As anticipated, treatment of compound 25 with BuLi (2.5 M, 1.5 equiv) in THF at 0 °C for 30 min, followed by addition of prenyl bromide (1.8 equiv), yielded 3-prenyl naphthalene 26 in good yield (70%) (Scheme 2), accompanied by two unidentified regioisomers. The structure of product 26 was established from the 3J-HMBC correlation between 2-H resonating at δH 6.65 and C-1′ (δC 28.8); moreover, selected NOE irradiation of 1-OMe at δH 3.95 enhanced the signals of 2-H (14%) at δH 6.65 and 8-H (2%) at δH 7.81, while irradiation of 5-OMe at δH 3.99 enhanced the signal of 6-H (16%) at δH 6.88, and irradiation of 1′-H2 at δH 3.53 enhanced the signals of 2-H (3,5%) at δH 6.65, 4-OMe (1%) at δH 3.84, 2′-H (4%) at δH 5.35 and 3′-MeZ (1.5%) at δH 1.74. Subsequent CAN oxidation of 1,4-dimethoxynaphthalene 26 in aqueous MeCN at 22 °C [30,31,32,33,34,35] afforded naphthoquinone 20 in 84% yield (Scheme 2). Interestingly, structure 20 corresponded to one of the two possible structures assigned to a natural naphtoquinone isolated from the roots of Rubia cordifolia [37].
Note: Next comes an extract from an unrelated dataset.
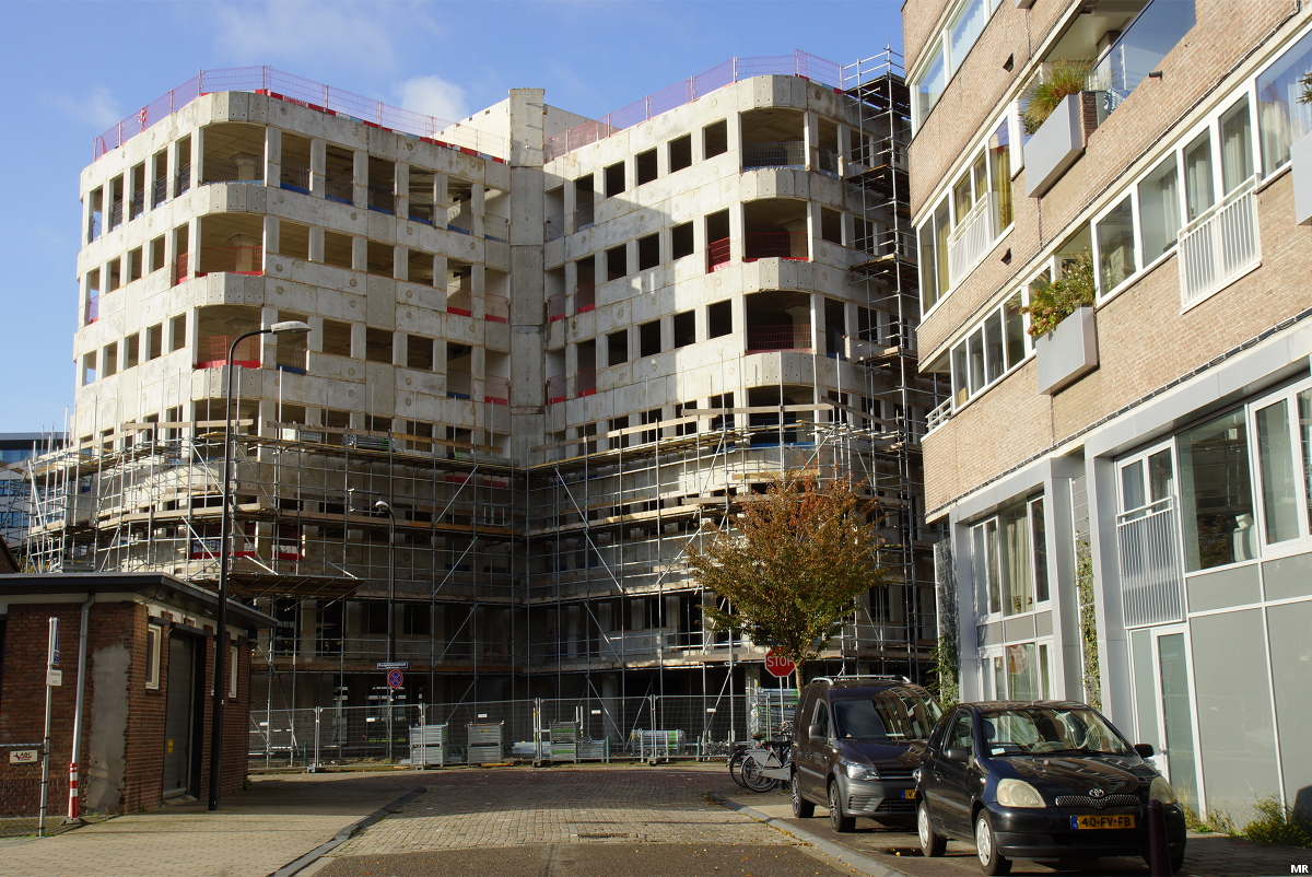 Aan de buitenkant is nog niet zoveel te zien, maar binnen is sloper Knijnenburg inmiddels begonnen met sloopwerkzaamheden aan dit kantoorgebouw aan de Burgemeester Elsenlaan. In het gebouw komen 142 woningen.

Preferential prenylation of deprotonated 1,4,5-trimethoxynaphthalene (25) also took place at C(3) using geranyl bromide as an electrophile (Scheme 2). The product structure, 27, was firmly established by selected NOE experiments. Thus, the irradiation of 1-OMe at δH 3.94 enhanced the signals of 2-H (16%) at δH 6.67 and 8-H (2%) at δH 7.83, while the irradiation of 5-OMe at δH 4.00 enhanced the signal of 6-H (17%) at δH 6.89, and the irradiation of 1′-H2 at δH 3.56 enhanced the signals of 2-H (4%) at δH 6.67, 4-OMe (1%) at δH 3.77, 2′-H (3%) at δH 5.35, and 3′-Me (2%) at δH 1.79. Subsequent CAN oxidation of compound 27 yielded 3-geranyl-5-O-methyl juglone (21) in 79% yield (Scheme 2).
Of note, in the CAN oxidative demethylation of compounds 26 and 27, the oxidation of allylic methylene was not observed (Scheme 2). The regioselective CAN oxidation of prenyl dihydroquinone methyl ethers is well-known [33,34] and, in the case of 26 and 27, could be ascribed to the presence of the electron-donating methoxy groups on C(1) and C(4), which greatly enriched the electron density of the aromatic ring. This electronic effect resulted in an increase in the chemical reactivity of the aromatic ring, compared to the allylic C(1′) position, thus facilitating the transfer of a single electron from 26 or 27 to Ce(IV) to give the resonance-stabilized aryl radical 28 (Scheme 3). Moreover, according to the mechanism proposed for the reaction [33,38], the two methoxy groups also contributed to the stabilization of the cation ion 30 formed by another single-electron transfer from intermediate 29 to Ce(IV) (Scheme 3).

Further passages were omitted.